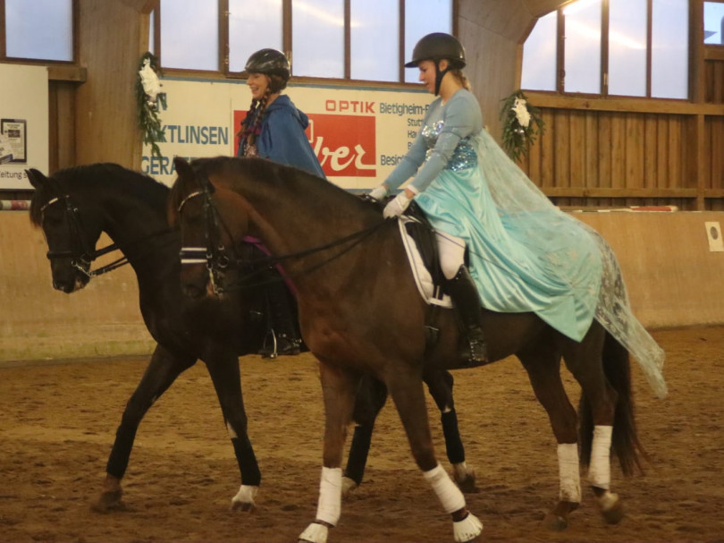 Vorab wurde von den vielen aktiven Vereinmitgliedern Dekorationen gebastelt, Kostüme geschneidert und jede Menge Probestunden geleistet. Die Kinder vom eigenen Ponyclub zeigten eine Ponyquadrille in tollen „Schneemann-Olaf“ Kostümen, die Voltegierer bezauberten mit einer Kür und viele andere Schauspieler, Reiter und natürlich die Pferde stellten wundervolle Szenen dar.
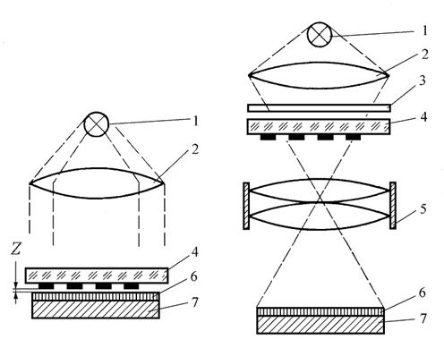 1 – источник актиничного излучения; 2 – конденсор; 3 – фильтр; 4 – ФШ; 5 – объектив; 6 – ФР; 7 – подложка
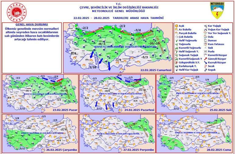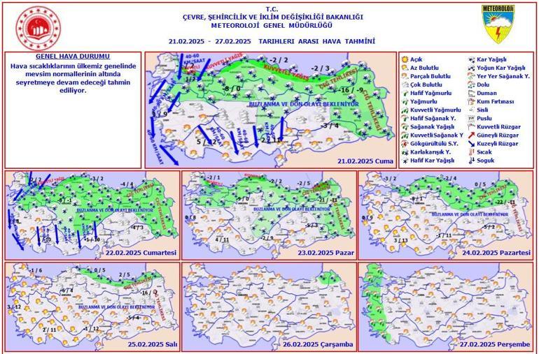 ÇIĞ TEHLİKESİ İLE BUZLANMA VE DON OLAYI UYARISI: Doğu Karadeniz’in iç kesimlerinin yüksekleri ile Doğu Anadolu'nun doğusunun dik ve eğimli yamaçlarında çığ tehlikesi ile yurdun kuzey, iç ve doğu kesimlerinde yer yer kuvvetli olmak üzere buzlanma ve don olayı beklendiğinden meydana gelebilecek olumsuzluklara karşı dikkatli ve tedbirli olunması gerekmektedir.
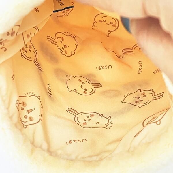 ちいかわのふわふわ素材のフェイス巾着。外見だけではなく、内生地までかわいすぎる反則級な癒しアイテムです。
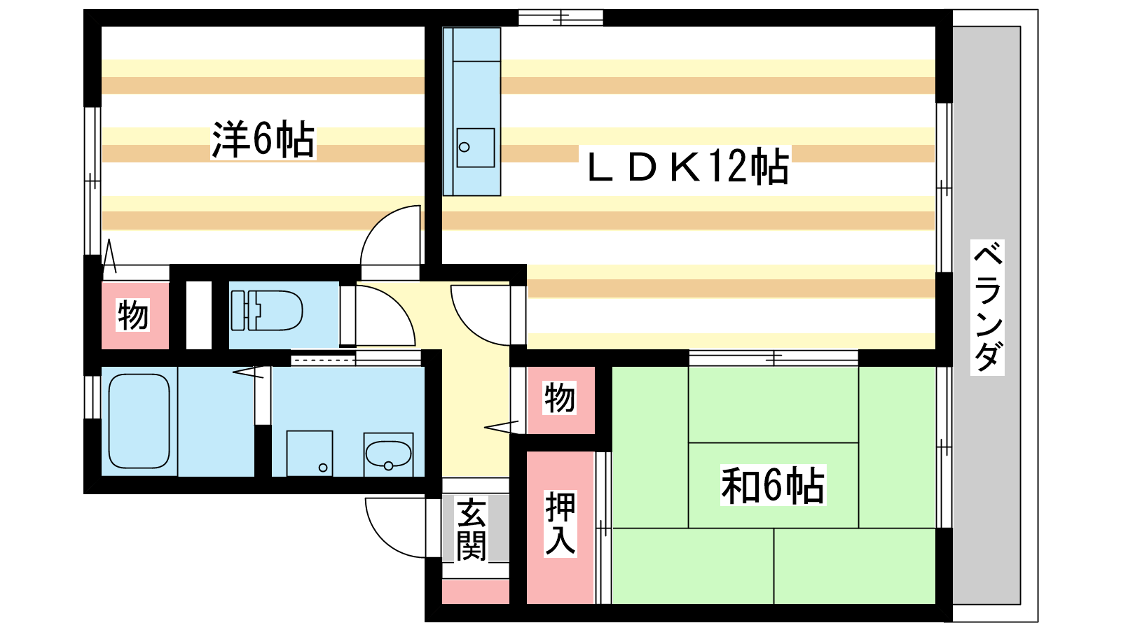 - 和室6帖、洋室6帖、LDK12帖
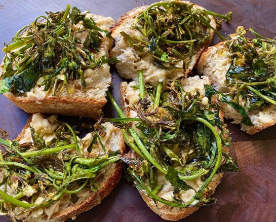 Benchmark’s country loaf, Chickadee Creek’s arugula rabe, Valley Shepherd’s smoky butter and a tin of anchovies (of all things): Can this be supper? Yes. And many other meals coming your way.
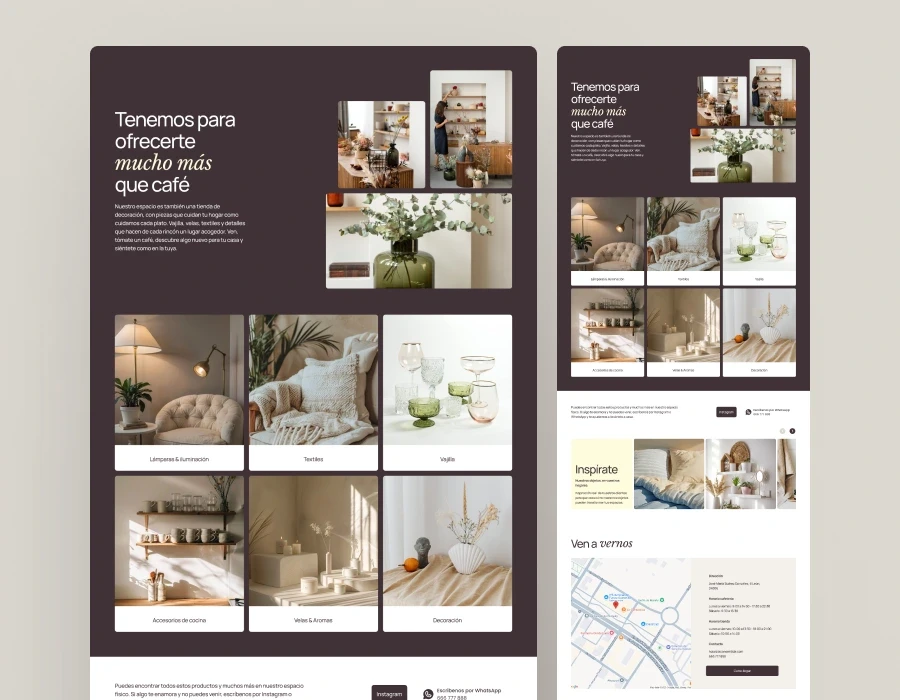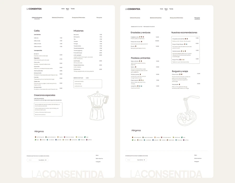 Además, se integró una sección dedicada a la tienda como escaparate visual, reforzando la identidad del negocio y mejorando la conversión. El menú se unificó con una estructura coherente, jerarquía clara de información y alérgenos visibles, reduciendo la carga cognitiva y haciendo la navegación más accesible y segura.

_ _ _ _

Aim of the exercise —
Everything from the line containing "ÇIĞ TEHLİKESİ İLE" through the final line of the material must be set down exactly, except the pictures.

Task result —
 ÇIĞ TEHLİKESİ İLE BUZLANMA VE DON OLAYI UYARISI: Doğu Karadeniz’in iç kesimlerinin yüksekleri ile Doğu Anadolu'nun doğusunun dik ve eğimli yamaçlarında çığ tehlikesi ile yurdun kuzey, iç ve doğu kesimlerinde yer yer kuvvetli olmak üzere buzlanma ve don olayı beklendiğinden meydana gelebilecek olumsuzluklara karşı dikkatli ve tedbirli olunması gerekmektedir.
 ちいかわのふわふわ素材のフェイス巾着。外見だけではなく、内生地までかわいすぎる反則級な癒しアイテムです。
 - 和室6帖、洋室6帖、LDK12帖
 Benchmark’s country loaf, Chickadee Creek’s arugula rabe, Valley Shepherd’s smoky butter and a tin of anchovies (of all things): Can this be supper? Yes. And many other meals coming your way.
 Además, se integró una sección dedicada a la tienda como escaparate visual, reforzando la identidad del negocio y mejorando la conversión. El menú se unificó con una estructura coherente, jerarquía clara de información y alérgenos visibles, reduciendo la carga cognitiva y haciendo la navegación más accesible y segura.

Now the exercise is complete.